Some folk may find the concept a trifle confusing, but, explains Hugh Pearman, cities and their public spaces are analogous to a children’s old favourite dessert

Objects surround us, people like me write about objects, there’s a neatness about something that is whole in itself. A car. A building. A corporate logo. A chair. Though think of all these things not as designed objects but as universal particles or atoms, and you’re left with that unanswerable child’s question: what’s in between atoms?

The answer ‘nothing’ is no good really. Even the Encyclopaedia Britannica dodges the issue when it delves inside the atom, looks at all the funny things whizzing around in there, and declares: ‘Most of the atom is empty space’. It’s a conundrum. To have a concept of a thing, you also have to have a concept of a no-thing. But a moment’s thought reveals this to be impossible. Total emptiness, the absence of everything? We can’t get our heads round that. Outer space used to be described as being like a vacuum. Then scientists found all sorts of interesting stuff flowing around in space, so now there’s a concept of space being like a very thin jelly with bits of fruit in it. You can see the bits, you just can’t see the jelly.

Cities are the same. The space between things in our physical surroundings – the public realm – only starts to matter when you stop thinking of it either as being space or of being in between. If you think instead of the civic realm as being just another category of object, and rather more tangible than deep-space thin jelly, then you can do something with it.

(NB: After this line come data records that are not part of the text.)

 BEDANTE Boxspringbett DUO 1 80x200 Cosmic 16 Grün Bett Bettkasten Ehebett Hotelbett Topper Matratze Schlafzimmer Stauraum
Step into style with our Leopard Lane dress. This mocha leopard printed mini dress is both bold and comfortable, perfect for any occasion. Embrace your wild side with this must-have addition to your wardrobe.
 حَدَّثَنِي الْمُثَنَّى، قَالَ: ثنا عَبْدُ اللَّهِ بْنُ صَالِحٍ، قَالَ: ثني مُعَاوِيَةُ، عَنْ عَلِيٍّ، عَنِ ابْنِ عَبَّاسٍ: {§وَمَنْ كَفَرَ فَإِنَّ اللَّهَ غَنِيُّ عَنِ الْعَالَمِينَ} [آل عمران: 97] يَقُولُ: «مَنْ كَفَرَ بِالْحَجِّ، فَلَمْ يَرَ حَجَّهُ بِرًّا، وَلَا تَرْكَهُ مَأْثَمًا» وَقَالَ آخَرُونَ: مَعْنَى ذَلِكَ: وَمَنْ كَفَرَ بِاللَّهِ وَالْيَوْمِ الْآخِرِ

People are still surprised that any significant landscape project takes so long and costs so much. A building, now that we can look at and calculate the cost of. But fannying around in open space – how come that costs so much? After all, there’s nothing there, is there? The answer, immediately apparent if you look past your shoelaces, is that there is a lot there. Thomas Heatherwick’s Blue Square in Newcastle, or Foster & Partner’s re-ordering of Trafalgar Square in London, or the restored huge courtyard of Somerset House, or any major urban park or even an apparently untouched stretch of countryside – all are man-made at considerable expense.

With the urban squares, at least you can point to a sub-breed of objects within the space – the equivalent of sub-atomic particles. Squares are full of objects – paving slabs, sculpture, steps, seats, fountains, trees, lighting, inscriptions. Add them all up and soon you realise that such an urban open space is just another building. The things around it are part of it, just as the stands at Old Trafford are as much a part of the stadium as the rectangle of green turf. The square, like the pitch, isn’t space at all, it’s a focal point where things happen.

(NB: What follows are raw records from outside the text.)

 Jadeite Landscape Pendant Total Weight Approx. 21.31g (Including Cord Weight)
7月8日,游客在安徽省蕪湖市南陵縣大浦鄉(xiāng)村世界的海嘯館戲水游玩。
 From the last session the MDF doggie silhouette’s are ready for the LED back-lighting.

There are places where the jelly of interstitial space is very thin, where there is no real concept of a public realm at all. I give you Kuala Lumpur, a city of objects set largely in wasteland. The private sector builds the buildings while the streets become mere strips of road for cars, with crumbling concrete sidewalks – or just ground-rubble – filling in the gaps. So un-civic-minded is KL that you have two entirely different ticketing systems for each of the two intersecting metro lines. Which, of course, do not truly intersect, instead avoiding each other by yards.

In Britain, where we’ve had centuries to get used to the idea of public space, we still don’t really understand it. Perhaps this is because of the English informal tradition, which likes to pretend that things that take enormous amounts of effort just sort of happen, as if by magic. This probably explains why the new generation of landscape designers now making names for themselves are big on object-making rather than self-effacement. You would not necessarily notice a Dame Sylvia Crowe landscape from the 1960s. You would certainly notice a West 8 or Kathryn Gustafson landscape from the early 2000s.

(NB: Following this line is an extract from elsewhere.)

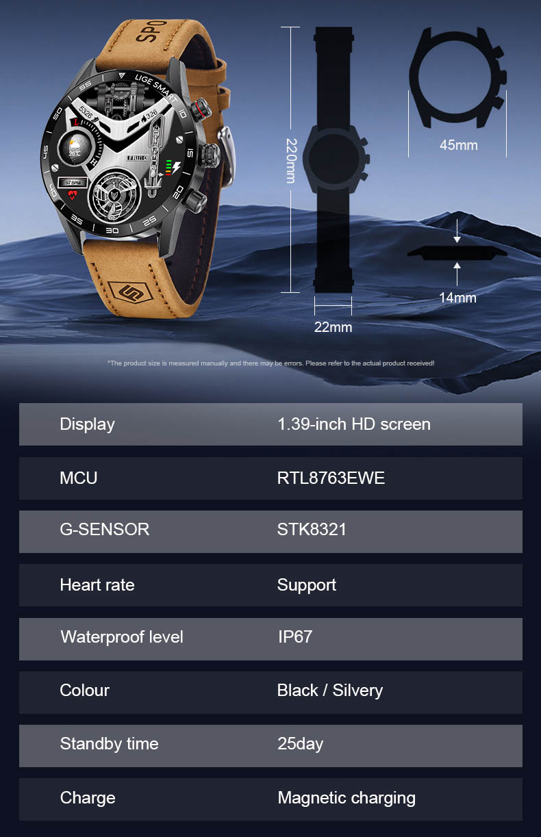 This smartwatch features a 1.39-inch HD screen, a G-SENSOR sensor, IP67 water resistance, and a comfortable strap. To discover more affordable smartwatches, explore our selection. Battery life, magnetic charging, and compatibility with different styles make it a reliable and versatile accessory.
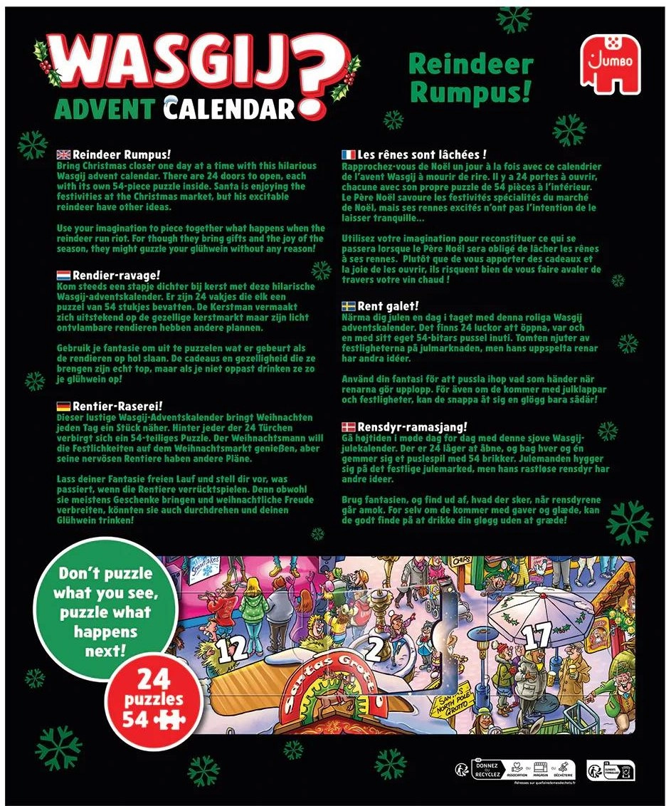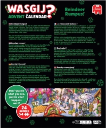 Padariet gaidīšanu līdz Ziemassvētku vakaram vēl jautrāku ar WASGIJ adventa kalendāru: Trakie ziemeļbrieži! Šis kalendārs piedāvā unikālu koncepciju, kur gala attēls nav tāds pats kā uz kastes. Jūs meklējat pavedienus, liekat lietā iztēli un saliekat ainu no cita skatpunkta. Ideāla dāvana pužļu cienītājiem un pieredzējušiem liktājiem, kuri vēlas ko jaunu.

It’s a shame in a way, this objectification of landscape – what’s wrong with self-effacement? But let’s not complain. Thanks to excellent groups like West 8 or Gustafson Porter, we are starting to look at this different sort of big design with fresh eyes. It’s not just in-between space after all. Our latest instruments can detect that, instead of being nothing as we previously thought, this civic realm thing actually consists of a highly nutritious jelly full of embedded particles and pulsing with energy. And a city that used to be regarded as just a collection of buildings in space suddenly becomes a lot more interesting.

This opening of eyes is good. Because as soon as people realise there is a ‘there’ there, they start to think of ways to improve it. And the space in between becomes something else. Something valuable.